** Task requirements **
Exact copy, pictures excluded: print the lines from the one with "2.首先我們先來到無線運營中" through the final line of the records.

*** Data supplied Section Begins ***

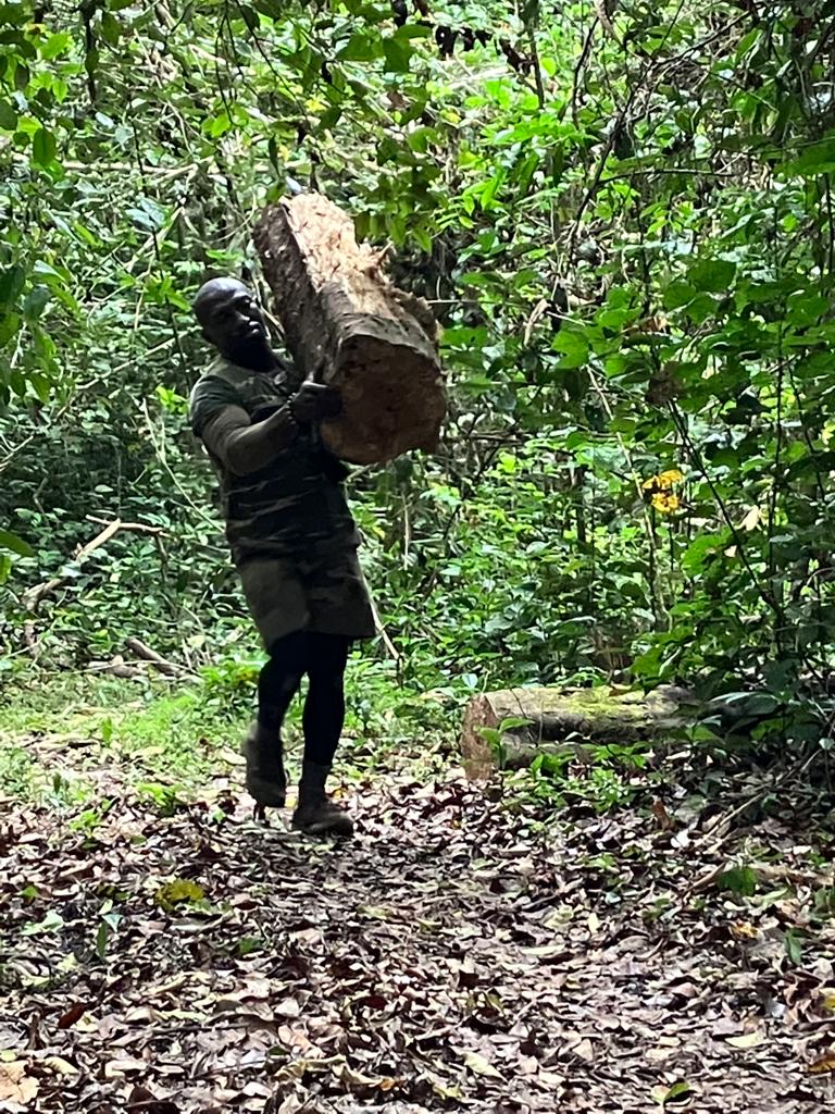 Deborah, Biologin aus Turin, hat uns schon erwartet und die Regeln erklärt: 2 Guides laufen vor, sie bleibt hinten. Wenn ein Waldelefant kommt, so schnell wie möglich zu ihr rückrennen.
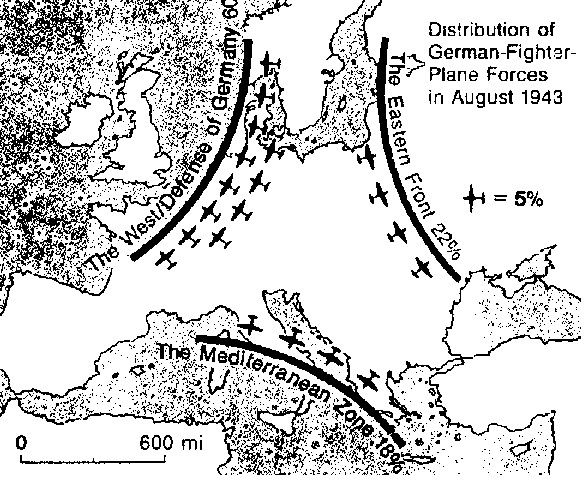 La validité militaire des bombardements stratégiques restait toujours à prouver. Les usines allemandes – de plus en plus décentralisées et cachées sous terre – continuaient toujours d'approvisionner les forces armées qui combattaient en URSS et en Italie. Le moral de la population ne fut pas trop atteint – pas assez pour contester la légitimité du régime nazi. Ils ont, sans doute, encouragé un certain courant de desillusion et de conspiration au sein de la Wehrmarcht; mais, il n'était pas suffisamment organisé pour nuire aux nazis. La véritable contribution des bombardements stratégiques fut non pas de ruiner l'Allemagne, mais d'obliger la Luftwaffe à retirer de nombreuses escadrille de chasse des fronts russes et méditéranéens pour les transférer en Allemagne – privant ainsi de nombreuses unités d'une couverture aérienne indispensable à la bonne marche de leurs opérations défensives.
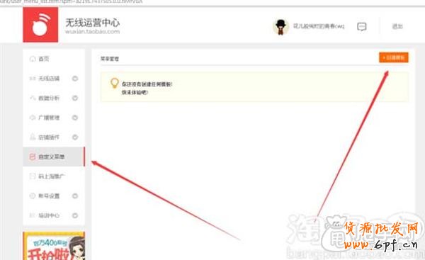 2.首先我們先來到無線運營中心http://wuxian.taobao.com,進入運營中心后,打開左側的自定義菜單,單擊右上角創建模板:
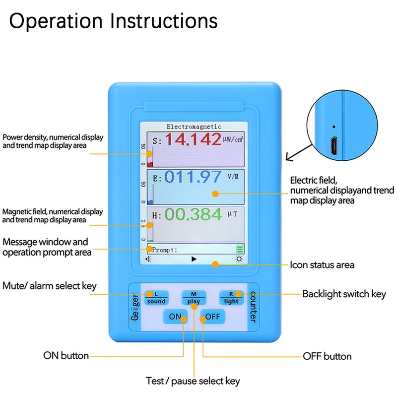 Br-9A المحمولة كاشف الإشعاع الكهرومغناطيسي Emf متر عالية الدقة المهنية الإشعاع قياس الجرعات اختبار
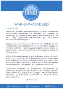 DFS oo beenisay wararka ku saabsan heshiis qarsoodi ah oo ay la gashay Dowladda Sweden
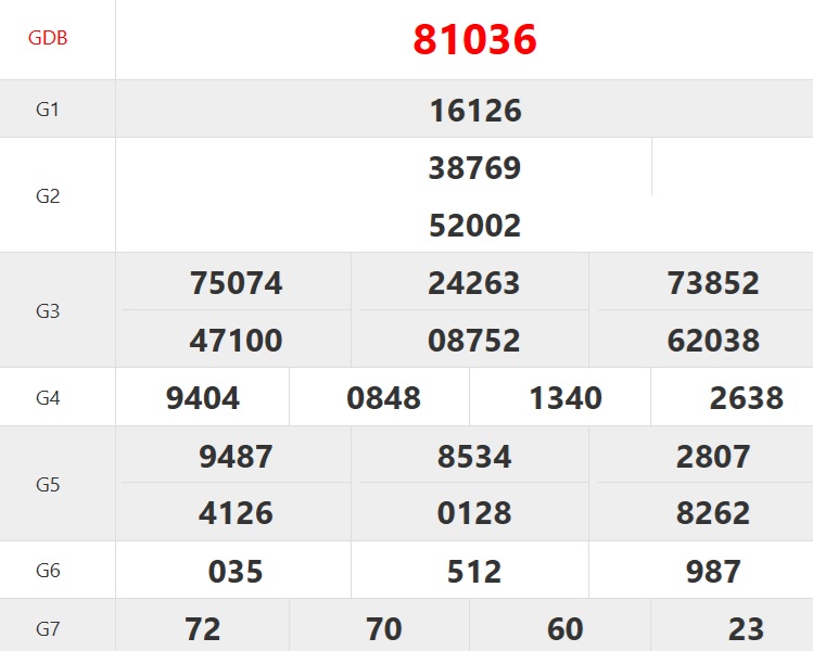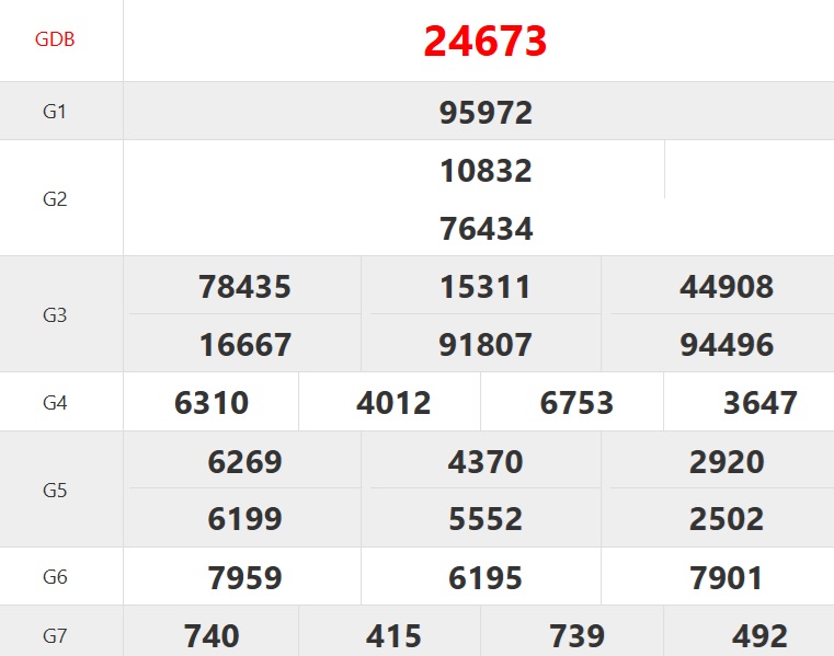 | Ngày | Giải ĐB | Ngày | Giải ĐB | Ngày | Giải ĐB |

*** Data supplied Section Ends ***

** Solution below **
 2.首先我們先來到無線運營中心http://wuxian.taobao.com,進入運營中心后,打開左側的自定義菜單,單擊右上角創建模板:
 Br-9A المحمولة كاشف الإشعاع الكهرومغناطيسي Emf متر عالية الدقة المهنية الإشعاع قياس الجرعات اختبار
 DFS oo beenisay wararka ku saabsan heshiis qarsoodi ah oo ay la gashay Dowladda Sweden
 | Ngày | Giải ĐB | Ngày | Giải ĐB | Ngày | Giải ĐB |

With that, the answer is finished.